Similarly, the Bank of Canada's focus is squarely on inflation, though it still has a heart. Canada's central bank says its objective is to "enhance the well-being of Canadians by contributing to sustained economic growth, rising levels of employment and improved living standards," and it strongly believes that the best way to do this is by "giving Canadian households and businesses confidence in the value of their money." So its inflation target, by agreement with the government, is an annual rate of 2 per cent.
Having said that, the Bank of Canada Act says this: "Whereas it is desirable to establish a central bank in Canada to regulate credit and currency in the best interests of the economic life of the nation, to control and protect the external value of the national monetary unit and to mitigate by its influence fluctuations in the general level of production, trade, prices and employment, so far as may be possible within the scope of monetary action, and generally to promote the economic and financial welfare of Canada …"

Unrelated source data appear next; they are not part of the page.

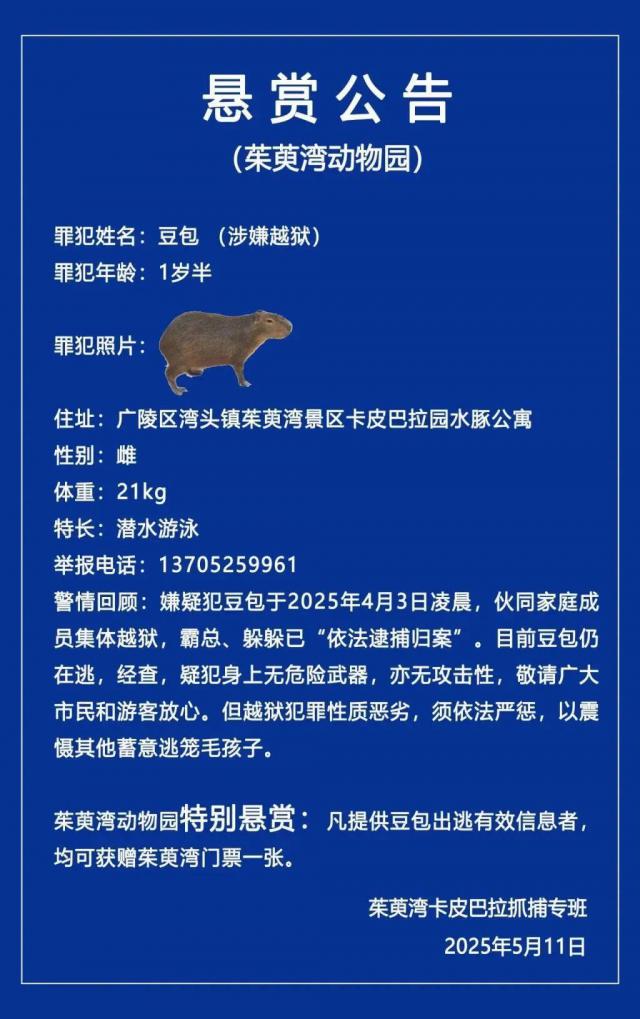 5 月 11 日上午,江苏省扬州市山茱萸湾风景区管理处官微发布悬赏公告,称山茱萸湾动物园卡皮巴拉“豆包”于 4 月 3 日出逃,至今已达 40 上帝。特别奖励:任何提供“豆包”逃避有效信息的人都可以获得茱萸湾门票。(详情请点击:人民日报)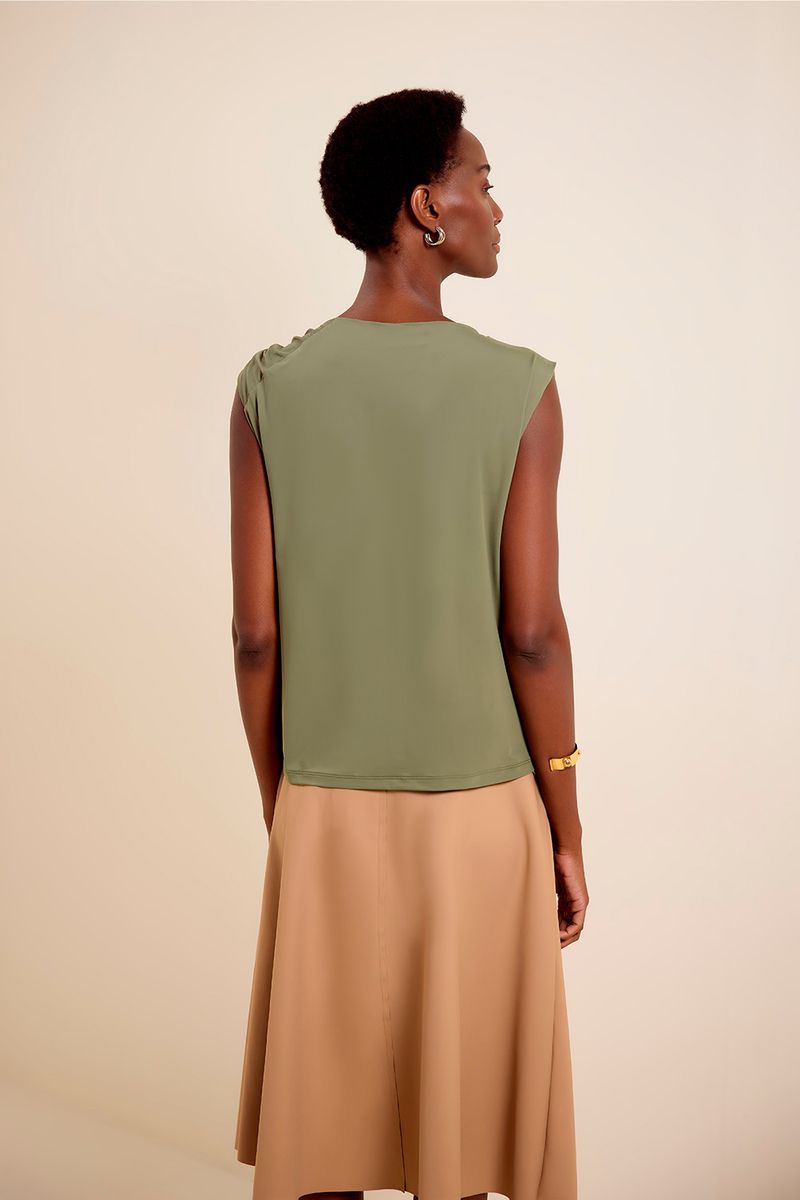 Blusa em malha jersey de poliamida biodegradável, sustentável e com proteção uv 50+, modelagem reta, decote redondo, sem manga e detalhe torção ombro lateral com aviamento especial. modelo veste tamanho p.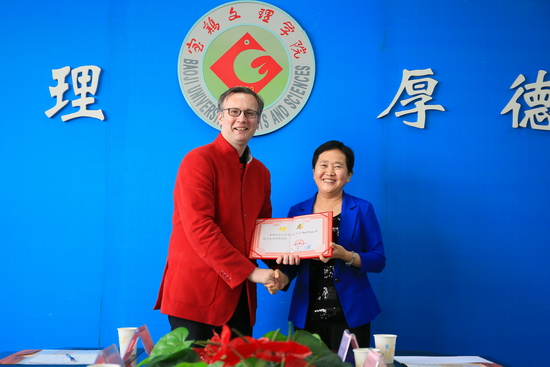 校党委办公室主任、外事办公室主任王永君,校长办公室主任任红亮,人事处处长宋崇碧,教育与科学技术系党总支书记茹宗志,外国语言文学系主任王卫强,外事办公室副主任刘全定等参加了聘任仪式。(学科建设与研究生教育管理处供稿)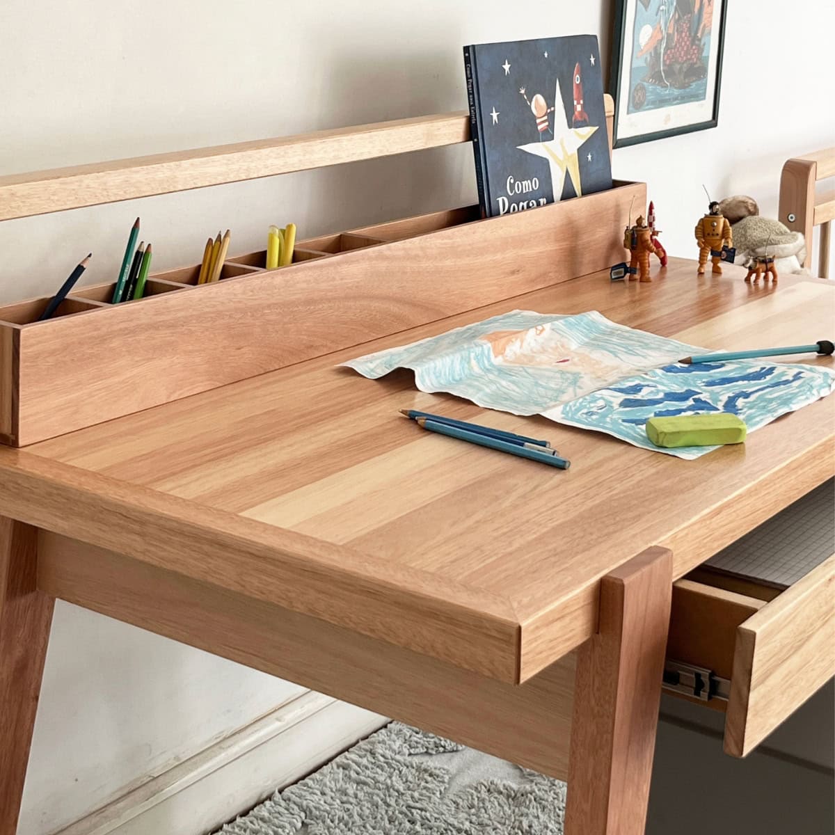 A escrivaninha tem design moderno e funcional com seu grande porta-lápis e livros e gaveta.

Indeed, Bank of Canada chief Mark Carney has said that he plays a role in such general economic well-being, and there's no suggestion that Mr. Carney, one of the best governors Canada has had, isn't keeping his eye on the jobless rate.
The suggestion is that in the wrong hands, a single mandate can be a dangerous tool. Witness the European Central Bank or, for that matter, the Bank of Canada in 1990, when there were no inflation targets but it was nonetheless bent on zero inflation, so much so that it drove the bank rate, then the benchmark, above 14 per cent, and, in turn, the jobless rate to about 12 per cent.